#### What needs to be done
Take the lines of the data below from the very first through the line containing "264 解碼器進行解碼。最后,采用OpenGL 圖形庫將解碼后圖像繪制到屏幕上實現視頻播放。" and output them exactly, pictures excluded.
++++++
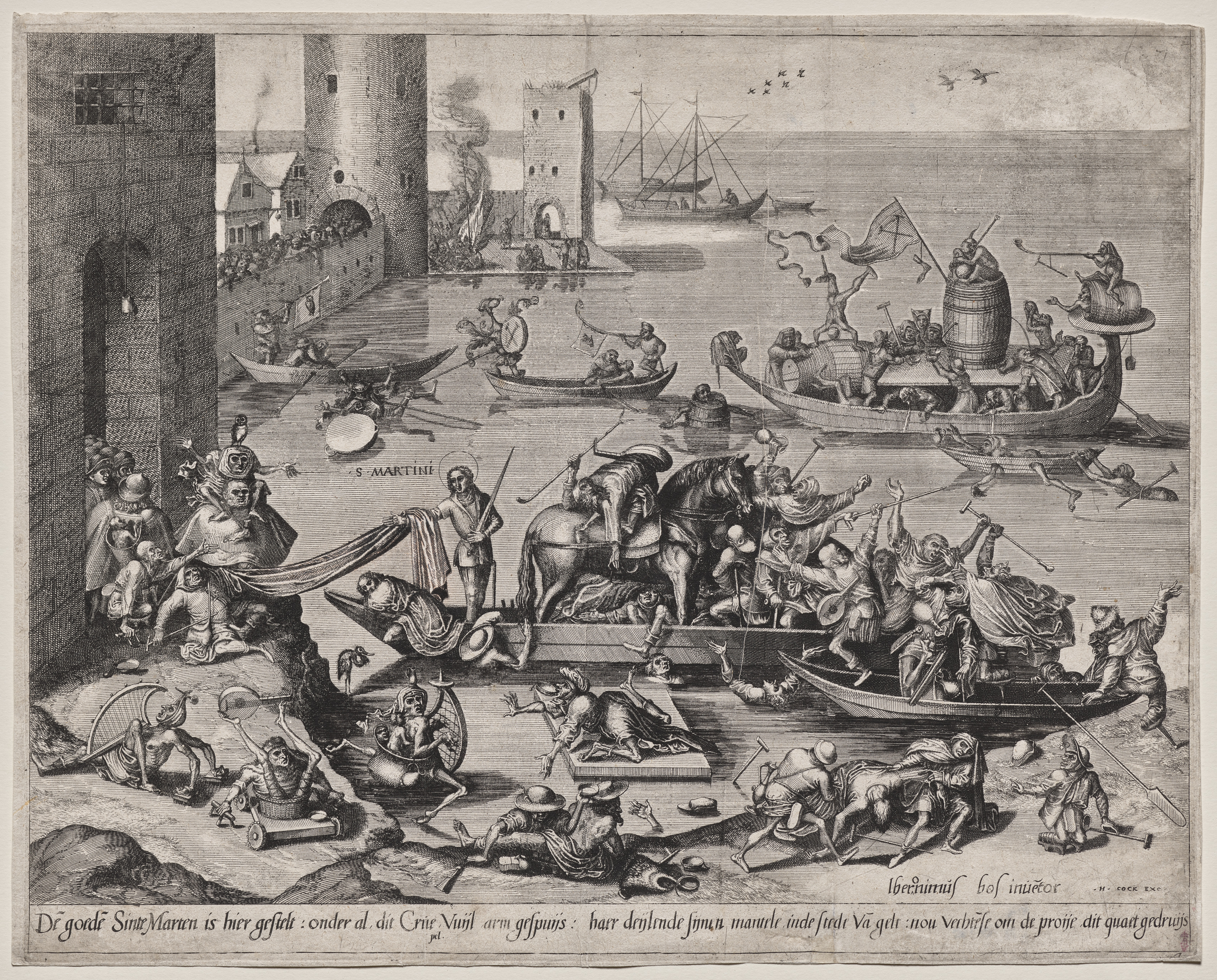 Black and white etching of a chaotic scene. A man on horseback wearing a long robe and a halo stands in a boat. The boat and horse are surrounded by other boats. People are fighting with clubs and swords while falling into the water or jumping from boats. The boats are on a body of water near a city with a tall brick wall and gate tower. The water meets a shore on the left with people sitting and standing. In the background, there are more boats on the water and buildings on the shore. The sky has birds flying in it. There is text at the bottom. The style is detailed and busy with many figures and objects.
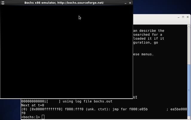 大家看到,这一下弹出了两个界面,前面的那个是bochs所模拟的机器,可以认为它就是台电脑了,不仅仅是电脑的显示器。后面的界面是bochs的控制台,咱们控制bochs运行就要在这里输入命令。现在击活后面的bochs控制台,输入字符c后,回车,bochs所模拟的机器就开始运行了。这里键入的c是continue,调试方法同gdb类似,详细的bochs操作方法咱们会在下一章中介绍。
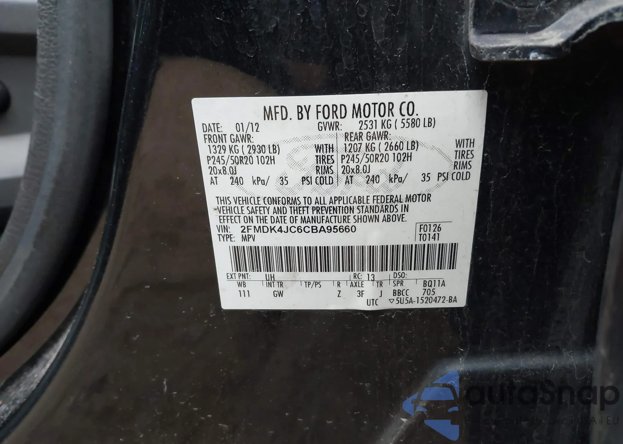 LOT: 42079115 VIN: 2FMDK4JC6CBA95660
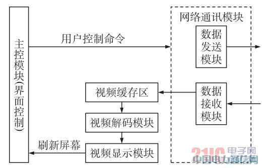 基于Android 平臺的監控客戶端的總體框架如圖2 所示,分別由網絡通訊模塊、視頻解碼模塊以及視頻顯示模塊等構成。其中網絡通訊模塊接收來自服務器的所有數據,對數據進行解析,并將視頻數據存入到視頻緩沖區。視頻解碼模塊負責從視頻緩沖區中讀取數據并送入H. 264 解碼器進行解碼。最后,采用OpenGL 圖形庫將解碼后圖像繪制到屏幕上實現視頻播放。
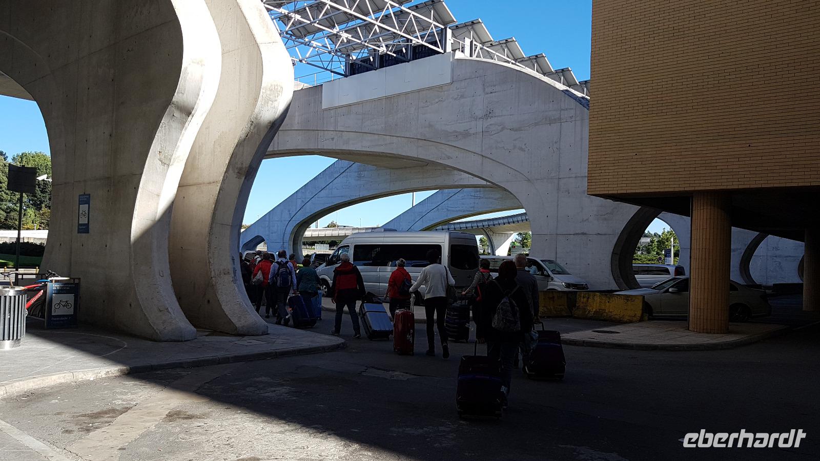 Von Dresden, Leipzig und Berlin starten wir unsere Reise, die uns in Frankfurt zusammenführt. Mit etwas Verspätung können wir dann nach Porto fliegen, ein angenehmer und ruhiger Flug obwohl der Kapitän die Verspätung mit kräftigem Wind über Frankfurt begründete. In Porto erwartete uns Maria, unsere Reiseleiterin hier und los ging es Richtung Hotel. Das ABC-Hotel Casa da Musica liegt nahe dem gleichnamigen "Casa da Musica"- ein Haus der Musik- ein eigenwilliger Bau des Niederländers Rem Koolhaas mit einer phantastischen Akkustik. Ebenso in unmittelbarer Nähe die Boavista Rotunda- ein riesiger Kreisverkehr mit einem Park im Zentrum, darin wiederum eine Art Siegessäule- sie zeigt eindruckvoll, wie der Löwe den französischen Adler Napoleons besiegt. All das erfahren wir bereits auf der Fahrt. Wir fühlen uns schon nach kurzer Zeit heimisch und als seien wir in vertrauter Umgebung.
++++++
#### Answer for the task
 Black and white etching of a chaotic scene. A man on horseback wearing a long robe and a halo stands in a boat. The boat and horse are surrounded by other boats. People are fighting with clubs and swords while falling into the water or jumping from boats. The boats are on a body of water near a city with a tall brick wall and gate tower. The water meets a shore on the left with people sitting and standing. In the background, there are more boats on the water and buildings on the shore. The sky has birds flying in it. There is text at the bottom. The style is detailed and busy with many figures and objects.
 大家看到,这一下弹出了两个界面,前面的那个是bochs所模拟的机器,可以认为它就是台电脑了,不仅仅是电脑的显示器。后面的界面是bochs的控制台,咱们控制bochs运行就要在这里输入命令。现在击活后面的bochs控制台,输入字符c后,回车,bochs所模拟的机器就开始运行了。这里键入的c是continue,调试方法同gdb类似,详细的bochs操作方法咱们会在下一章中介绍。
 LOT: 42079115 VIN: 2FMDK4JC6CBA95660
 基于Android 平臺的監控客戶端的總體框架如圖2 所示,分別由網絡通訊模塊、視頻解碼模塊以及視頻顯示模塊等構成。其中網絡通訊模塊接收來自服務器的所有數據,對數據進行解析,并將視頻數據存入到視頻緩沖區。視頻解碼模塊負責從視頻緩沖區中讀取數據并送入H. 264 解碼器進行解碼。最后,采用OpenGL 圖形庫將解碼后圖像繪制到屏幕上實現視頻播放。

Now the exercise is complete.